[[ Recorded data, beginning ]]
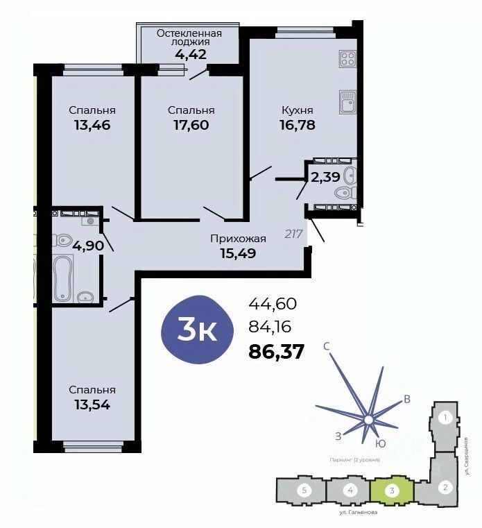 Общая площадь86,37 м2
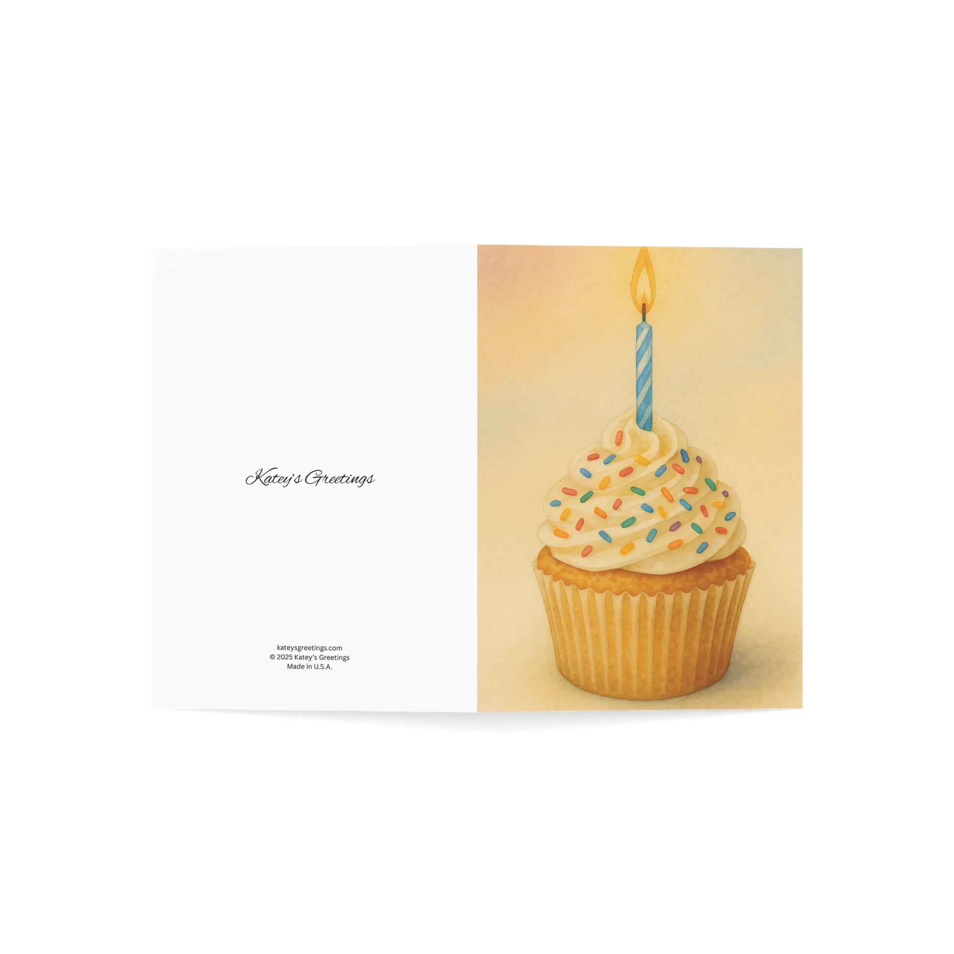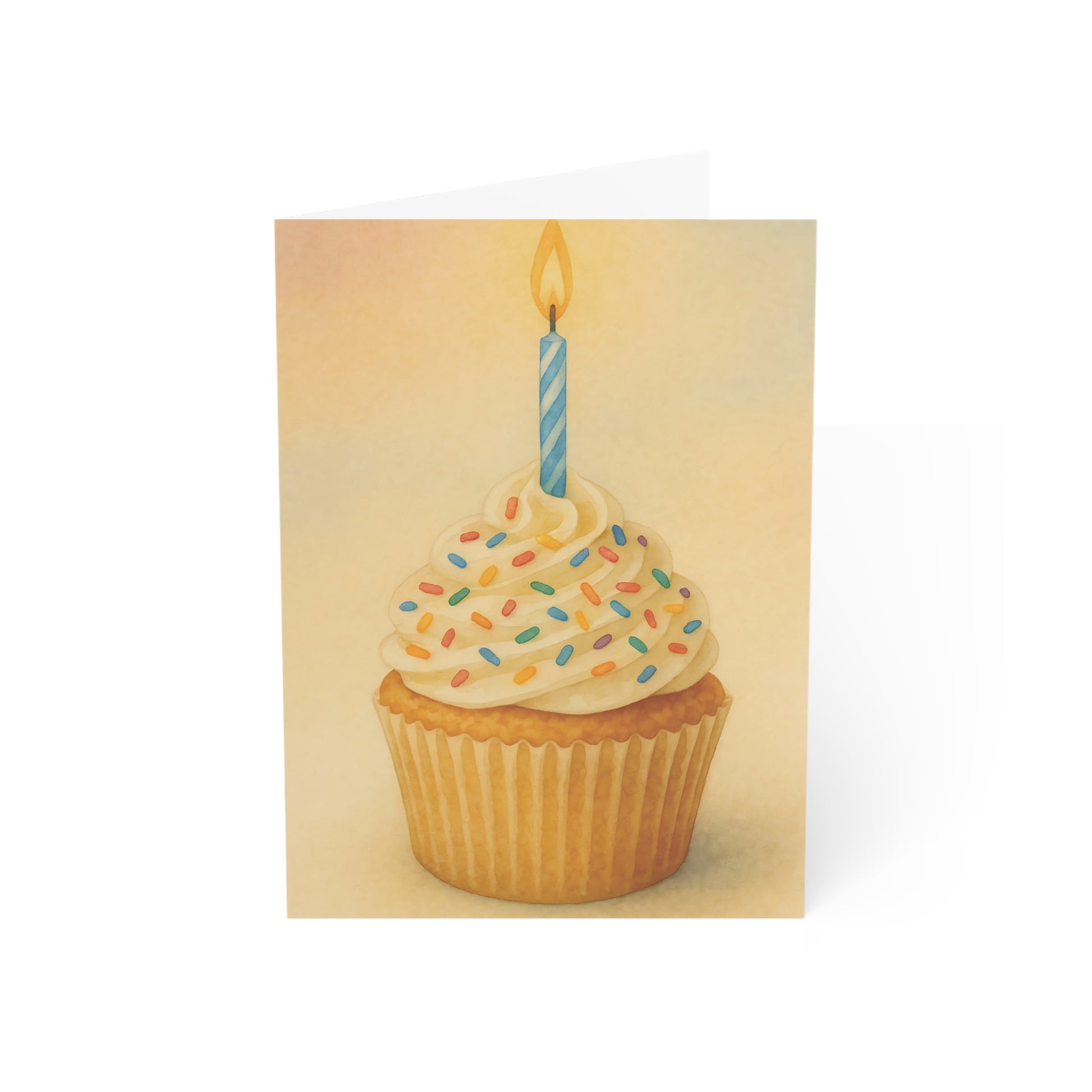 Sweeten their special day with this Cupcake Celebration Birthday Greeting Card, featuring a charming illustration of a golden cupcake topped with creamy frosting, colorful sprinkles, and a single lit candle.
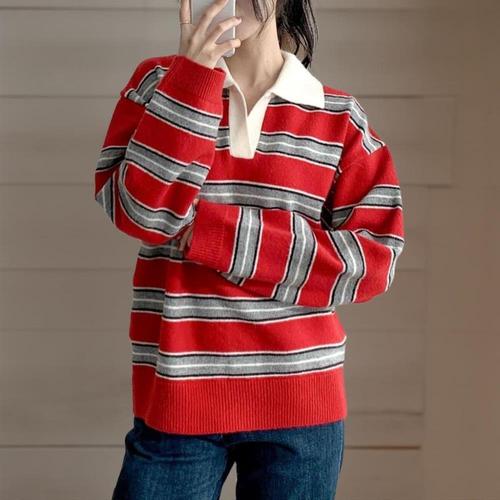[미라클세븐]여성 오버사이즈 컬러 블록 스트라이프 오픈 카라 레드 티셔츠
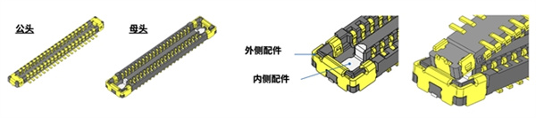该连接器通过在产品两端的外侧和内侧配置适合各自功能的2个金属零件的特有构造,提高了装配工作时的导入性,缩短了操作时间。此外,通过在基板上焊接各金属零件,提高了抗变形和抗损坏的能力。
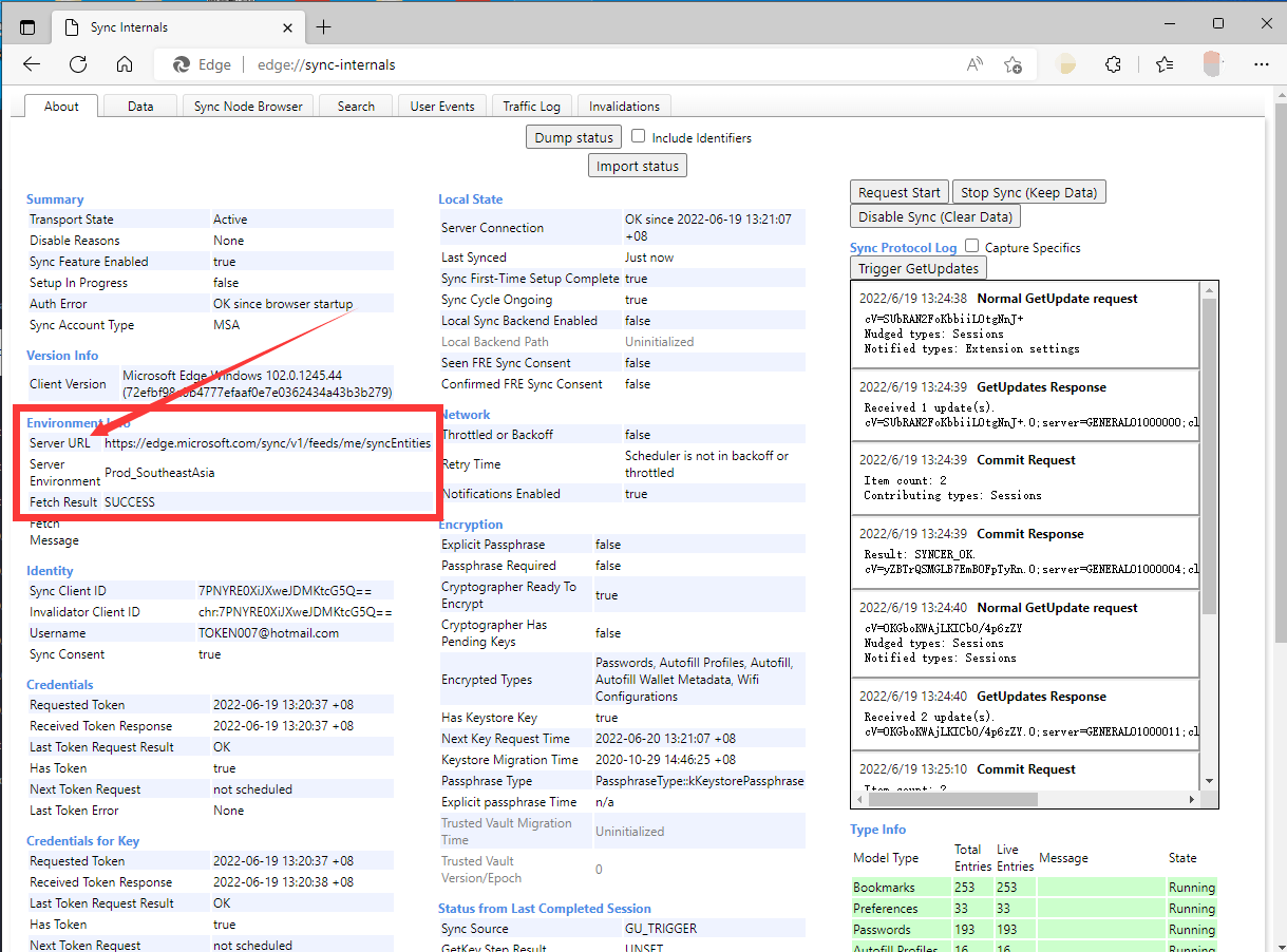 再打开edge://sync-internals/,如果可看到Server URL中有数值,说明可以正常同步。
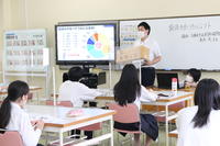 プロジェクト第1回目を6月30日(水)に実施しました。素麺組合の方より素麺の歴史や製造工程等について講義をしていただきました。その後、生徒たちは、特急、上級、機械麺の3種類のそうめんをゆでて、食べ比べをしました。そうめんを、若い世代にもっと普及させるための方法について、グループで協議し、発表しました。
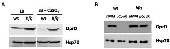 We have previously observed that CopR, the transcriptional regulator of the CopRS TCS involved in the copper response, also repressed the transcription of the oprD gene [5]. To determine whether this negative regulation mechanism also depends on the RNA chaperone Hfq, we first evaluated the effect of CopR induction after 6 h of growth in the presence of Cu. Western blot analysis showed no OprD repression in the absence of Hfq (Figure 5A). In addition, similarly to the overproduction of CzcR (Figure 3A), the overproduction of CopR, was unable to decrease OprD level in the absence of Hfq (Figure 5B). These results highlight the importance of Hfq for successful gene repression mediated by, at least, two TCS transcriptional regulators.
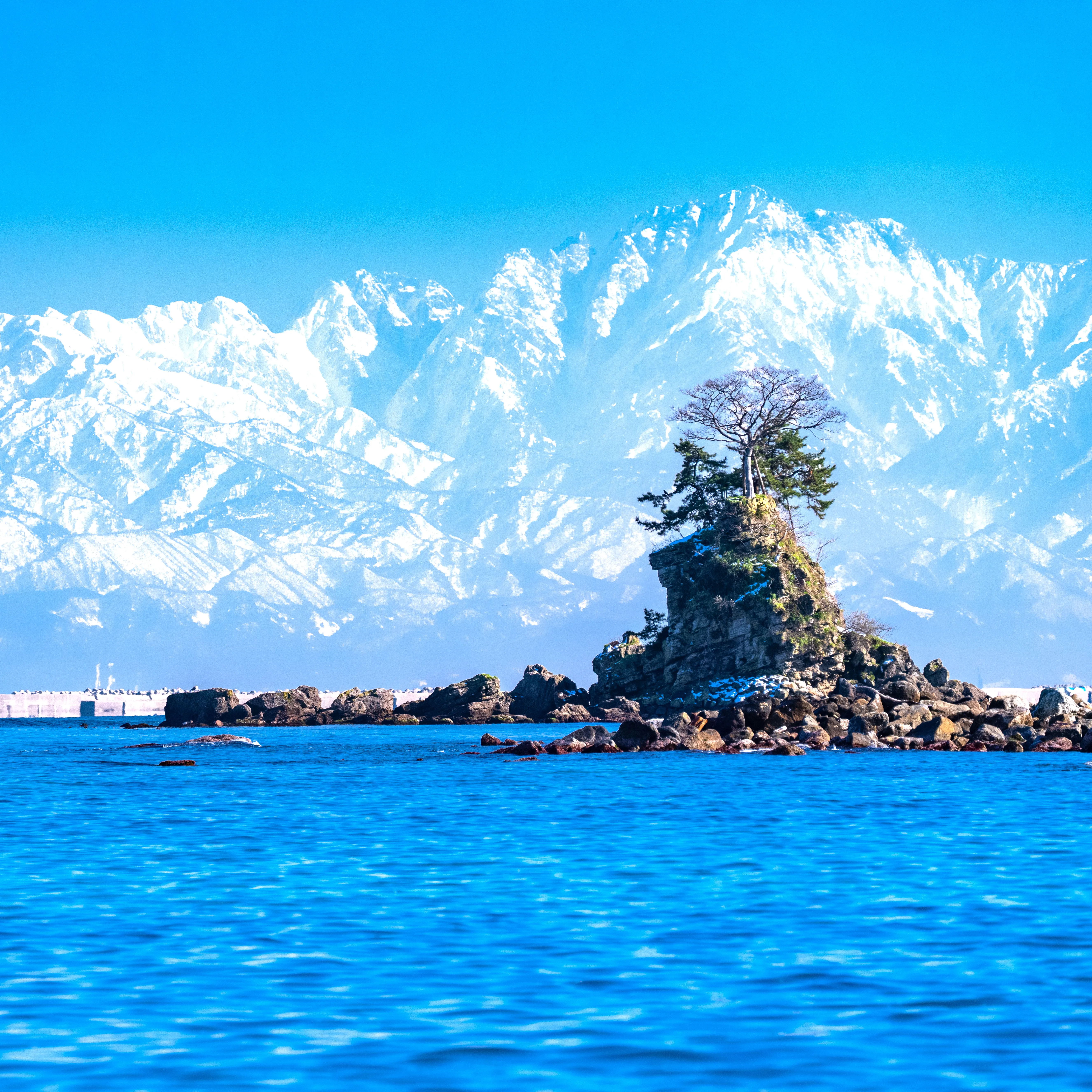 能登半島国定公園に含まれ、海越しに雄大な立山連峰を望むことができる富山屈指の景勝地。その美しさは万葉の昔から多くの和歌に詠まれるほど人々を魅了してきました。雨晴という地名は、源義経が岩陰で雨宿りをして雨が晴れるのを待ったという伝説からついたともいわれています。
[[ Recorded data, end ]]
Your goal — Write out every entry above exactly as it stands, minus the pictures.

Written response —
 Общая площадь86,37 м2
 Sweeten their special day with this Cupcake Celebration Birthday Greeting Card, featuring a charming illustration of a golden cupcake topped with creamy frosting, colorful sprinkles, and a single lit candle.
[미라클세븐]여성 오버사이즈 컬러 블록 스트라이프 오픈 카라 레드 티셔츠
该连接器通过在产品两端的外侧和内侧配置适合各自功能的2个金属零件的特有构造,提高了装配工作时的导入性,缩短了操作时间。此外,通过在基板上焊接各金属零件,提高了抗变形和抗损坏的能力。
 再打开edge://sync-internals/,如果可看到Server URL中有数值,说明可以正常同步。
 プロジェクト第1回目を6月30日(水)に実施しました。素麺組合の方より素麺の歴史や製造工程等について講義をしていただきました。その後、生徒たちは、特急、上級、機械麺の3種類のそうめんをゆでて、食べ比べをしました。そうめんを、若い世代にもっと普及させるための方法について、グループで協議し、発表しました。
 We have previously observed that CopR, the transcriptional regulator of the CopRS TCS involved in the copper response, also repressed the transcription of the oprD gene [5]. To determine whether this negative regulation mechanism also depends on the RNA chaperone Hfq, we first evaluated the effect of CopR induction after 6 h of growth in the presence of Cu. Western blot analysis showed no OprD repression in the absence of Hfq (Figure 5A). In addition, similarly to the overproduction of CzcR (Figure 3A), the overproduction of CopR, was unable to decrease OprD level in the absence of Hfq (Figure 5B). These results highlight the importance of Hfq for successful gene repression mediated by, at least, two TCS transcriptional regulators.
 能登半島国定公園に含まれ、海越しに雄大な立山連峰を望むことができる富山屈指の景勝地。その美しさは万葉の昔から多くの和歌に詠まれるほど人々を魅了してきました。雨晴という地名は、源義経が岩陰で雨宿りをして雨が晴れるのを待ったという伝説からついたともいわれています。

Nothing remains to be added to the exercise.